WHAT THIS TASK INVOLVES: Task for the records below: please retype exactly and only the lines from the first through the one with "Caminhão tomba e", with every picture omitted.

Records excerpted from a collection
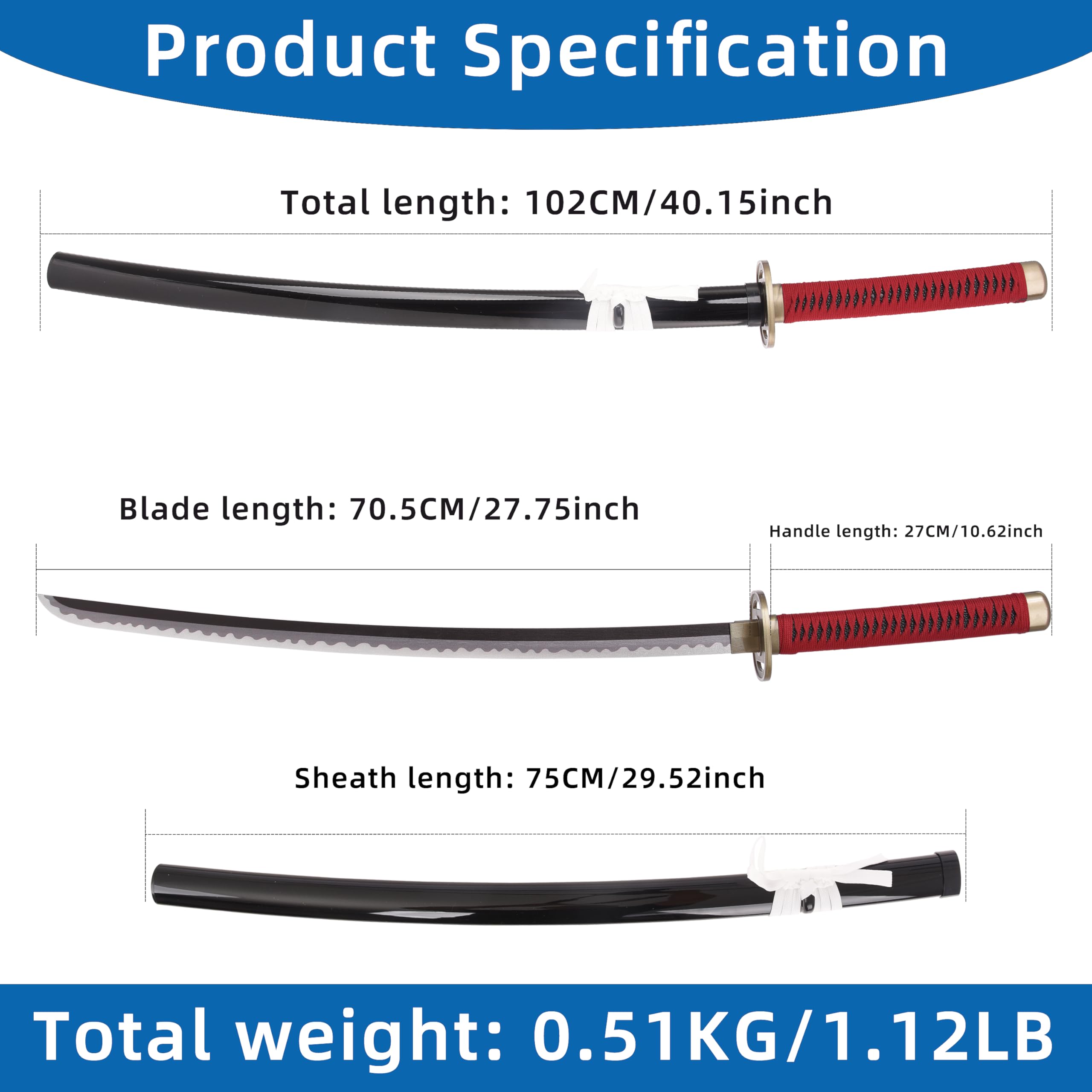 Accurate & Lightweight for Cosplay Features precise proportions: 102cm/40.2" total, 70.5cm/27.8" blade. Weighing only 0.51kg/1.12 lbs, it's authentically sized yet easy to handle for events and photos.
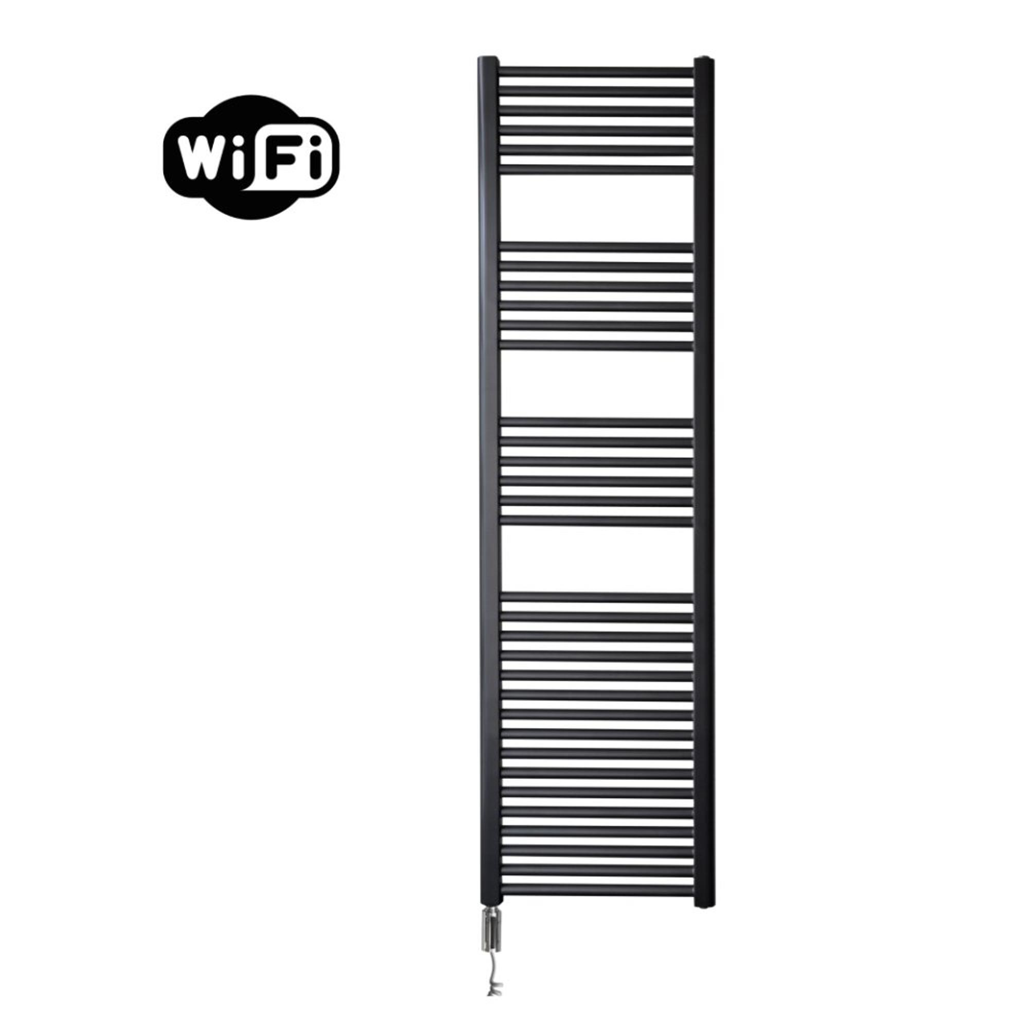 Sanicare HVW Radiateur électrique - 172x45cm - 920W - wifi - thermostat - chrome - en bas à gauche - noir mat
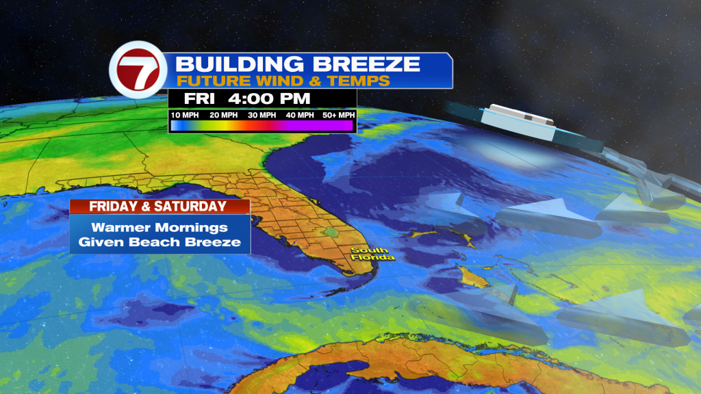 This subtle switch will usher in a building breeze, with breezy conditions forecast for Friday into Saturday.
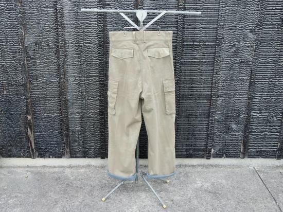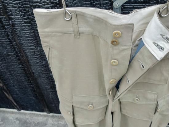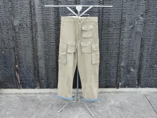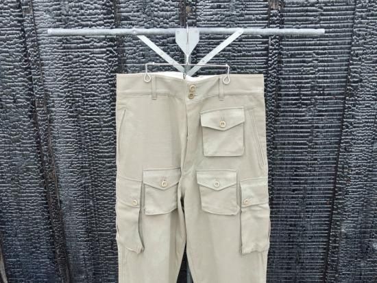 アメリカ軍のファティーグパンツとフランスのパラシュート部隊が着用したパンツから着想を得て、ドッキングさせました。ショーン・フリンはカメラギアを収納しておくためのポケットを足すなど、自らの手で多くのウェアをカスタムしたのです。※画像からも感じる、表面の掠れた様なまだらな印象はこのパンツの特徴になります。
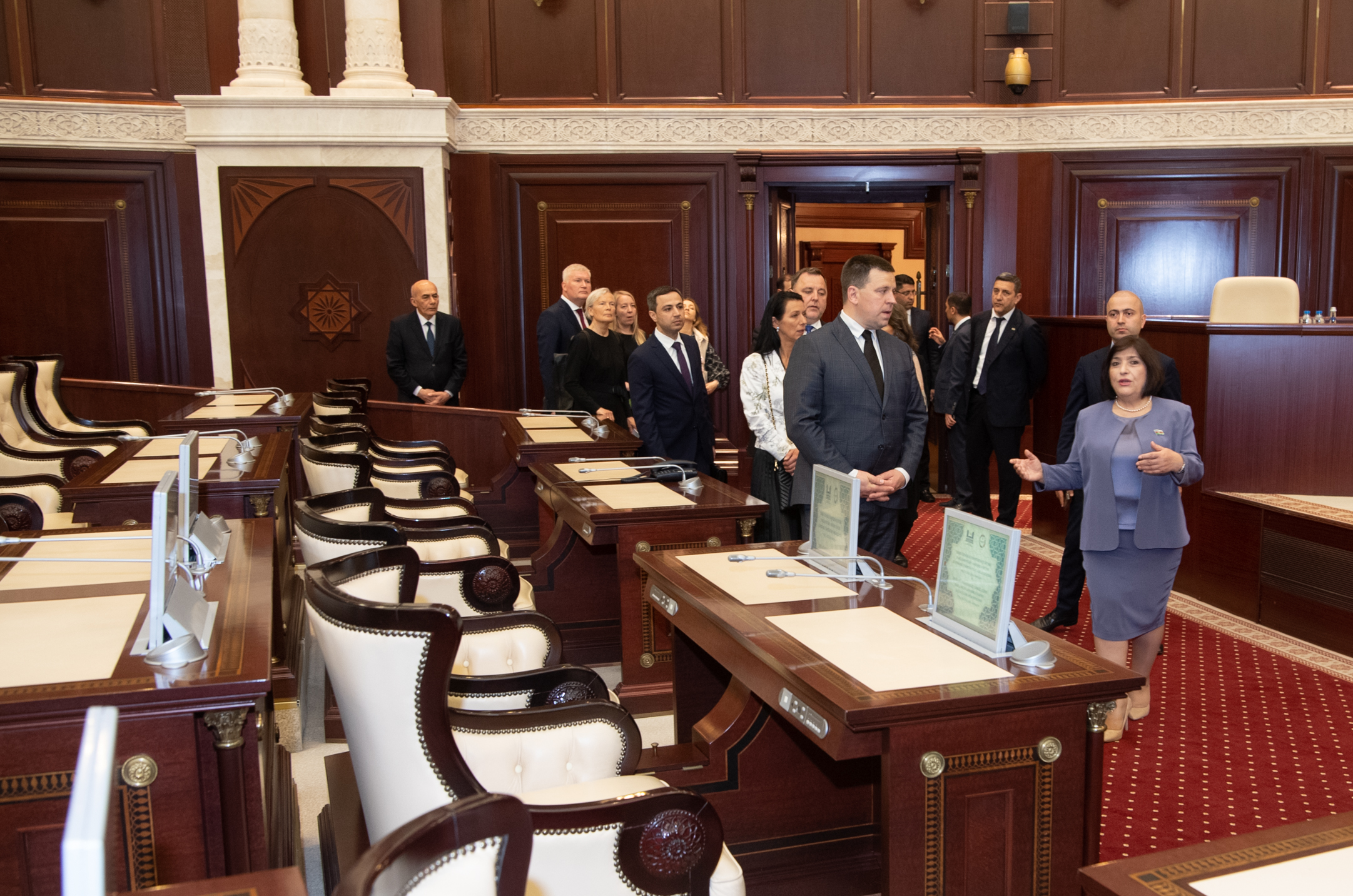 Aserbaidžaani parlamendi istungisaalis. Jüri Ratas, Sven Sester ja Yoko Alender
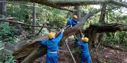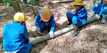 午後は森の家づくりです。 竹を組み合わせて作っています。
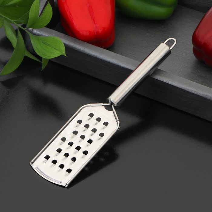 Тёрка для сыра с ручкой Доляна «Металлик», 23×6 см, крупная, цвет серебристый
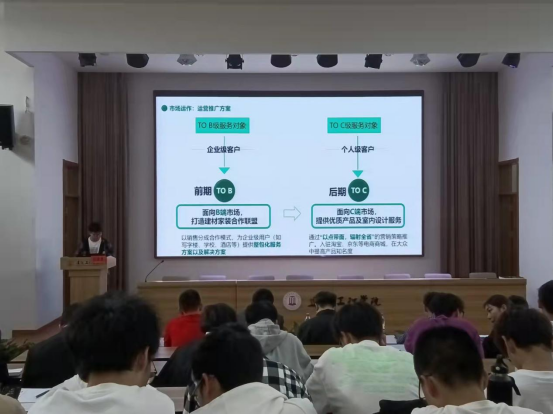 本届院赛共有47个项目、250余名同学自主参加,经学院创新创业委员会初评,23个项目进入会评环节。会上,各项目团队从项目背景、项目内容、市场分析、项目优势及创业风险等方面进行PPT汇报,项目内容涉及室内“绿化”、绿色建筑、垃圾分离、自主租赁、助农服务等多个领域。答辩环节,评委老师对各团队的创新想法给予肯定和鼓励,同时,老师们从项目前期调研、市场前景以及汇报需注意的问题等方面提出了指导性的意见。
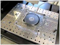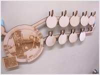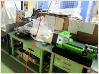 そして中には見覚えのある機械...バキュームのテーブル・ポンプ装置を見せていただいた。やはり、とても丁寧に作られている。バキュームによる固定は切削負荷が大きいと使えないそうだが、表面をさらう程度のキーホルダーの製作であれば、十分使用できるそうだ。材料の取り外しが頻繁にある切削では、両面テープでの固定に比べ、重宝するのではないだろうか。JIMTOFではこちらの装置を使い、訪問者の方向けにキーホルダーを製作されていた。
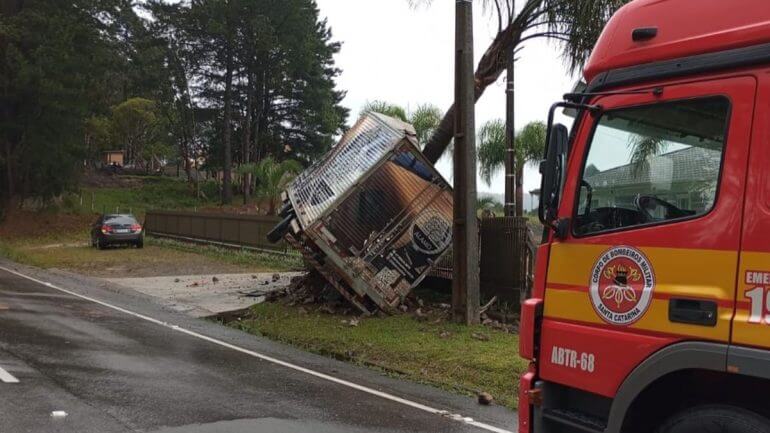 Caminhão tomba e passageiro morre em grave acidente fatal na SC-418; FOTOS
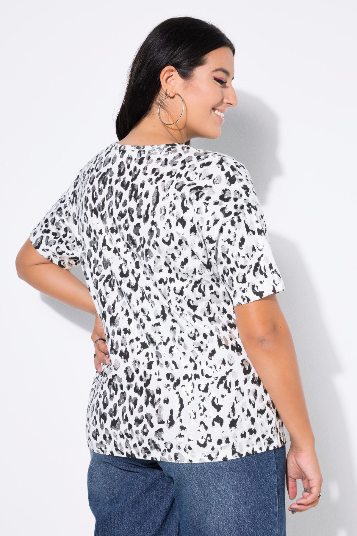 T-Shirt, leicht überschnittene Schultern, mit shiny Silver-Leo. Weicher Jersey mit überschnittenen Schultern, Halbarm. & 10;<br>& 10;<br> Studio Untold ist das Young Fashion Label von Ulla Popken. Der Fokus liegt auf einer starken Design-Aussage, auf neuesten Schnitten, experimentellen Materialien und den spannendsten neuen Einflüssen aus den Clubs und von den Straßen der angesagtesten Fashionmetropolen weltweit. Das Label für selbstbewusste Frauen, die gerne Statements setzen.& 10;<br>
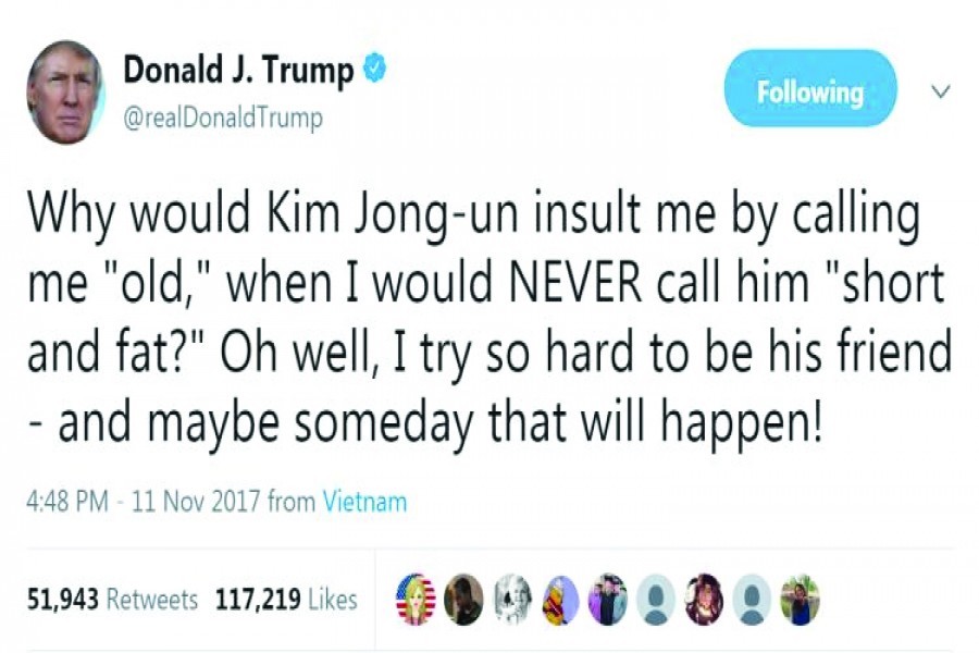 President Trump's tweets have caused a major loss of face for him and his country on one major international issue, for sure. His mindless and often senseless tweets have given North Korea the chance to expose the type of President the US voters have elected whose threats have turned out as empty ones. In fact, those threats expressed by the President in his tweets have given them the opportunity to reassert to the world that North Korea was not just moving ahead with their nuclear ambitions confidently but also to call the US President as a dotard. It was an insult with which many in the US and outside, notwithstanding their dislike for North Korea and its leader, did not seem to totally disagree.
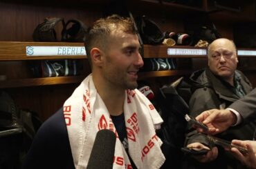 L’attaquant et capitaine adjoint du Seattle Kraken Jordan Eberle s’entretient avec les médias après une victoire contre Nashville.
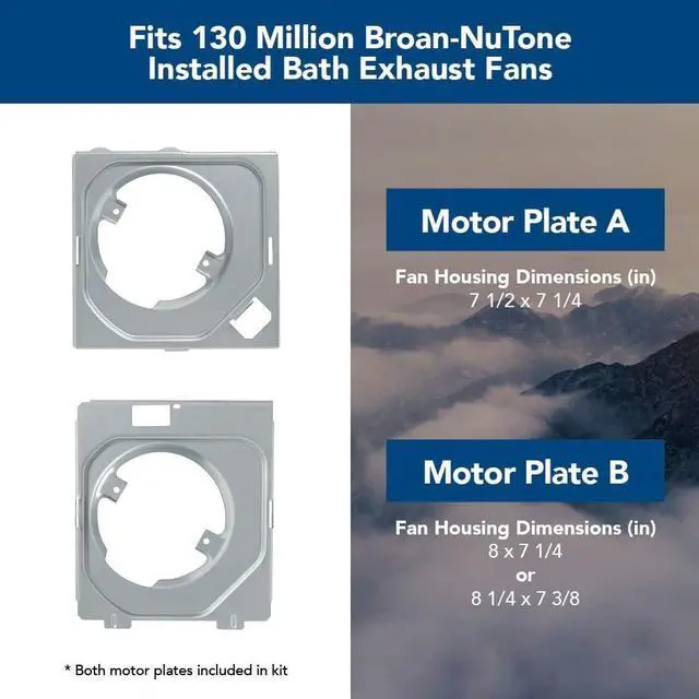 UNIVERSAL FIT: BKR60 Genuine Broan-NuTone replacement parts ensure a seamless fit and optimal performance for your bathroom fan, grill product measures 10 3/4 x 9 3/8 x 1/4, fitting over 130 million installed previously installed fans. 2 motor plates are included so you can select the best fit. Motor plate A measures (inches) 7 1/2 x 7 1/4. Motor plate B measures (inches) 8 x 7 1/4
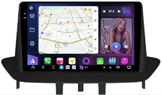 Магнитола для Renault Fluence, Megane 2009-2017 - FarCar GX145M монитор 9.5" 2K QLED на Android 14, TS20, 6+128Гб, CarPlay, 4G SIM-слот

YOUR SOLUTION:
 Accurate & Lightweight for Cosplay Features precise proportions: 102cm/40.2" total, 70.5cm/27.8" blade. Weighing only 0.51kg/1.12 lbs, it's authentically sized yet easy to handle for events and photos.
 Sanicare HVW Radiateur électrique - 172x45cm - 920W - wifi - thermostat - chrome - en bas à gauche - noir mat
 This subtle switch will usher in a building breeze, with breezy conditions forecast for Friday into Saturday.
 アメリカ軍のファティーグパンツとフランスのパラシュート部隊が着用したパンツから着想を得て、ドッキングさせました。ショーン・フリンはカメラギアを収納しておくためのポケットを足すなど、自らの手で多くのウェアをカスタムしたのです。※画像からも感じる、表面の掠れた様なまだらな印象はこのパンツの特徴になります。
 Aserbaidžaani parlamendi istungisaalis. Jüri Ratas, Sven Sester ja Yoko Alender
 午後は森の家づくりです。 竹を組み合わせて作っています。
 Тёрка для сыра с ручкой Доляна «Металлик», 23×6 см, крупная, цвет серебристый
 本届院赛共有47个项目、250余名同学自主参加,经学院创新创业委员会初评,23个项目进入会评环节。会上,各项目团队从项目背景、项目内容、市场分析、项目优势及创业风险等方面进行PPT汇报,项目内容涉及室内“绿化”、绿色建筑、垃圾分离、自主租赁、助农服务等多个领域。答辩环节,评委老师对各团队的创新想法给予肯定和鼓励,同时,老师们从项目前期调研、市场前景以及汇报需注意的问题等方面提出了指导性的意见。
 そして中には見覚えのある機械...バキュームのテーブル・ポンプ装置を見せていただいた。やはり、とても丁寧に作られている。バキュームによる固定は切削負荷が大きいと使えないそうだが、表面をさらう程度のキーホルダーの製作であれば、十分使用できるそうだ。材料の取り外しが頻繁にある切削では、両面テープでの固定に比べ、重宝するのではないだろうか。JIMTOFではこちらの装置を使い、訪問者の方向けにキーホルダーを製作されていた。
 Caminhão tomba e passageiro morre em grave acidente fatal na SC-418; FOTOS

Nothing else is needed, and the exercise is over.